表彰式の翌日には、亡くなってから10年がたって初めて師と仰いだ故・石原裕次郎さんのゆかりの地・ハワイを訪れた。「ようやく石原に顔向けできるようになったかなあ、ということでしょうか」渡にとって大きな区切りとなる受賞だった。
快挙も生まれた。21年目を迎えた報知映画賞で初めて“三冠王”が誕生した。記念すべき第1回で新人賞、第11回に助演女優賞、そして今回、「絵の中のぼくの村」(東陽一監督)で見事に主演女優賞を獲得した原田美枝子だ。「前回の表彰式で、この次は10年後とあいさつしたら、今年、正夢になって…。本当にうれしい」と喜びを爆発させた。
作品賞は周防正行監督の「Shall we ダンス?」。前作「シコふんじゃった。」に続く“連覇”。“ご褒美”は受賞だけでなく、97年には「Shall-」の主演女優・草刈民代と結婚し、世間を驚かせた。

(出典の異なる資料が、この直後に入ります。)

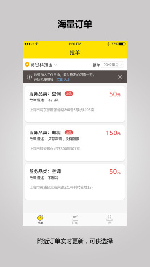 閃修一哥一哥版非常的實用的生活服務(wù)管理軟件,此版本為維修工人版通過平臺生成的訂單用戶通過手機接單,維修,統(tǒng)一的收費標(biāo)準(zhǔn)就看你自己是否接單非常的方便,有需要的用戶就來下載試試吧!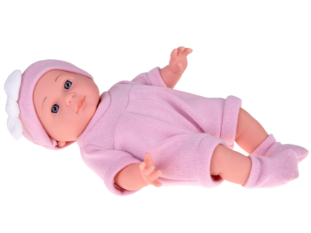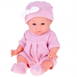 A babának részletgazdag arca van, mozgatható végtagokkal és cuki kis sapkával masnival. A ruhák levehetők és kellemes tapintásúak.

また、映画界の大きな財産を失った年でもある。「寅さん」のキャラクターで国民的人気を誇った渥美清さんが、転移性肺がんのため、8月4日に68歳で亡くなった。その功績をたたえ、松田優作さん(第14回)以来、2人目となる故人への特別賞が贈られた。
第21回の受賞者・受賞作
- ■作品賞
- 「Shall we ダンス?」周防正行監督
- 「前作(「シコふんじゃった。」)は必ずしも興行的には成功しなかったので、賞によって応援してもらったという印象があった。今回はヒットした上に作品的な評価をいただいたわけで、また違った感動を持った」
- ■監督賞
- 森田芳光「(ハル)」
- 「賞っていうのは過去に対してもらうものなんだけど、今度の賞ばっかりは、未来に対してもらったと思ってます。(次回作『失楽園』で主演する)役所にとっても、ボクにとってもね」
- ■主演男優賞
- 役所広司「Shall we ダンス?」「眠る男」「シャブ極道」
- 「それぞれ個性的な作品で苦労も多かった。『Shall-』ではダンスを覚えることがそのまま、役作りになった。練習を始めたばかりの最初の30分間は恥ずかしくて仕方なかった」
- ■主演女優賞
- 原田美枝子「絵の中のぼくの村」
- 「きょうは私の誕生日なんです。(夫で俳優の石橋)凌さんと受賞できたらよかったですね」
- ■助演男優賞
- 助演男優賞:渡哲也「わが心の銀河鉄道・宮沢賢治物語」
- 「この賞をキッカケに来年は2本くらいは映画に出たいと思っています。来年は報知主演男優賞を目指して頑張ります」
- ■助演女優賞
- 渡辺えり子「Shall we ダンス?」
- 「40歳にもなって、泣きながら稽古しました。ダンスは2人で完成するもの。映画で描かれているような、いがみ合いみたいなものが撮影中もありました」
- ■新人賞
- 安藤政信「キッズ・リターン」
- 「5年先、10年先を見ながら一歩一歩前進していきたい。いつまでも残る映画が大好き」
- ■海外作品賞
- 「セブン」デヴィッド・フィンチャー監督
- ■特別賞
- 故・渥美清(日本人に愛された「寅さん」というキャラクターを演じ続けた功績に対して)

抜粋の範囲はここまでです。